I don't have benchmarks, but last time i ran tests SELECT took about twice as much slot time as DELETE on main_v4, but DML can only modify 2 partitions at a time, while SELECT has no limit. Shredder takes over 28 days to process main_v4 with DELETE statements, and I put up https://github.com/mozilla/bigquery-etl/pull/2686 to allow shredder to use SELECT statements instead so that we can increase parallelism. we can deploy that change and compare query performance for a more up to date benchmark.

Flags: needinfo?(dthorn)

Another option here would be to restrict access to the underlying tables and turn telemetry.main into an authorized view that does this cleaning. I don't think that's worth pursuing, though, due to performance impact. We already have a problem with queries on telemetry.main sometimes being rejected due to the query complexity limit, and the modifications needed for this bug's cleaning will significantly increase the base complexity of the query.

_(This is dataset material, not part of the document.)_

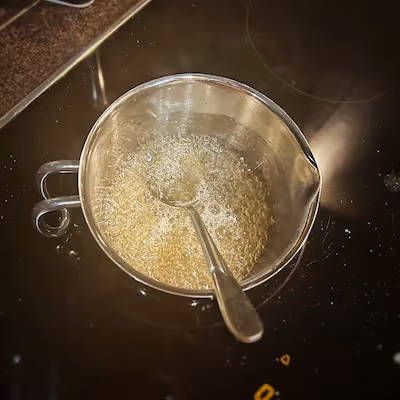 - In a saucepan, boil the caster sugar in the water until it reaches 118 degrees C.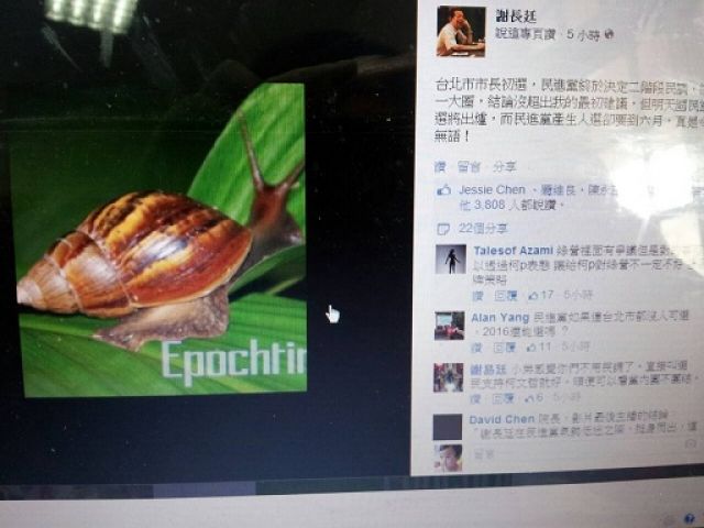 民進(jìn)黨臺北市長整合速度,謝長廷貼“蝸牛照”嘆無語(圖片為翻攝自謝長廷臉書,來自臺媒)

Group: mozilla-employee-confidential

I've started a draft bigquery-backfill PR to capture evolving design for running this and to start drafting a desktop query to run the sanitization:

https://github.com/mozilla/bigquery-backfill/pull/17

shredder ran overnight for main_v4 with SELECT statements, and 100% of them timed out at 6 hours. equivalent DELETE statements take about 2 hours each.

I've opened support case 29411159 with GCP to help with determining an efficient path forward for this effort and am coordinating with JJ our TAM as well.

It appears that we have found a solution using SELECT to replace partitions (rather than using DML like MERGE or UPDATE) and that we will be able to integrate this into the existing shredder machinery. I am aiming to get that integrated and running on main_v4 by EOW (Feb 11). I will need to do some more estimation to figure out when we can have this finished, but it will be several weeks.

main_v4

We are updating Shredder config to include sanitization for main_v4 and we are going to pursue running 10 queries concurrently to do the next run in potentially 1 week rather than 28 days. Main priority right now is getting all those pieces coordinated to get main_v4 processing running.

main_summary

Next step will be to decide on a plan for main_summary. That table includes a search_counts field derived from the keyed histogram of that name, but doesn't include any of the search scalars. main_summary is deprecated, so we should have no dependencies on it other than existing user-created redash queries, etc. It would be fine to completely delete this field.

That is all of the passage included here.